10. The method of any one of claims 1 to 5, wherein the drug is an OAT2 substrate.

11. The method of claim 10, wherein the OAT2 substrate is chosen from dinoprostone,

cimetidine, aminohippuric acid, cyclic adenosine monophosphate (cAMP), valproic acid, salicylic acid, glutaric acid, allopurinol, zalcitabine, acetylsalicylic acid, indomethacin, fluorouracil, docetaxel, tegafur-uracil, and combinations thereof.

12. The method of any one of claims 1 to 5, wherein the drug is an OAT4 substrate.

13. The method of claim 12, wherein the OAT4 substrate is chosen from aminohippuric acid, conjugated estrogens, and combinations thereof.

14. The method of any one of claims 1 to 5, wherein the drug is an OCT1 substrate.

15. The method of claim 14, wherein the OCT1 substrate is chosen from ganciclovir,

acyclovir, choline, amantadine, verapamil, quinine, cimetidine, dexchlorpheniramine, choline salicylate, rocuronium, phenformin, metformin, thiamine, dopamine,

dancuronium, epinephrine, imatinib, norepinephrine, acetylcholine, spermine, spermidine, tubocurarine, buformin, cytarabine, pramipexole, agmatine, lamivudine, nafamostat, and combinations thereof.

16. The method of any one of claims 1 to 5, wherein the drug is a MATE1 substrate.

17. The method of claim 16, wherein the MATE1 substrate is chosen from cimetidine, abemacicilib, levofloxacin, ciprofloxacin, topotecan, metformin, cephalexin, acyclovir, cefradine, estrone sulfate, ganciclovir, guanidine, procainamide, and combinations thereof.
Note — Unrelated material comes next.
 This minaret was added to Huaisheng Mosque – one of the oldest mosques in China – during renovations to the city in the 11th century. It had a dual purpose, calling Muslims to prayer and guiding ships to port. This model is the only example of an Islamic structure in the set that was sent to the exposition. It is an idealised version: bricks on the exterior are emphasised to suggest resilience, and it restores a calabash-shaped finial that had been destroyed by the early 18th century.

18. The method of any one of claims 1 to 5, wherein the drug is a MATE2-K substrate.

19. The method of claim 18, wherein the MATE2-K substrate is chosen from baricitinib, cimetidine, acyclovir, estrone sulfate, ganciclovir, metformin, procainamide, topotecan, and combinations thereof.
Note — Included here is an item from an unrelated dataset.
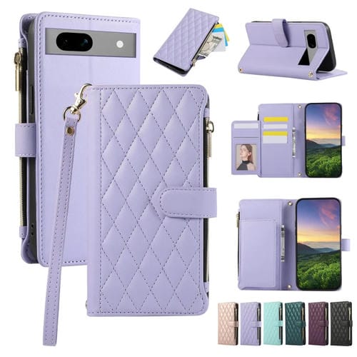 Funda de Cuero Tipo Billetera con Cremallera y Diseño Romboidal para Google Pixel 7A (Morado)

20. The method of any one of the preceding claims, wherein the dichlorphenamide, or a pharmaceutically acceptable salt thereof, is administered to the subject to treat a disease chosen from primary hyperkalemic periodic paralysis, primary hypokalemic periodic paralysis, and related variants.

21. The method of any one of the preceding claims, wherein the therapeutically effective amount of the dichlorphenamide, or a pharmaceutically acceptable salt thereof, is between 25 mg and 200 mg per day.

22. The method of any one of the preceding claims, wherein the therapeutically effective amount of the dichlorphenamide, or a pharmaceutically acceptable salt thereof, is 50 mg twice daily.

23. The method of any one of the preceding claims, wherein the dichlorphenamide, or a pharmaceutically acceptable salt thereof, is administered via a titration scheme that comprises the up-titration of the dichlorphenamide, or a pharmaceutically acceptable salt thereof, at weekly intervals until a modified dose is administered.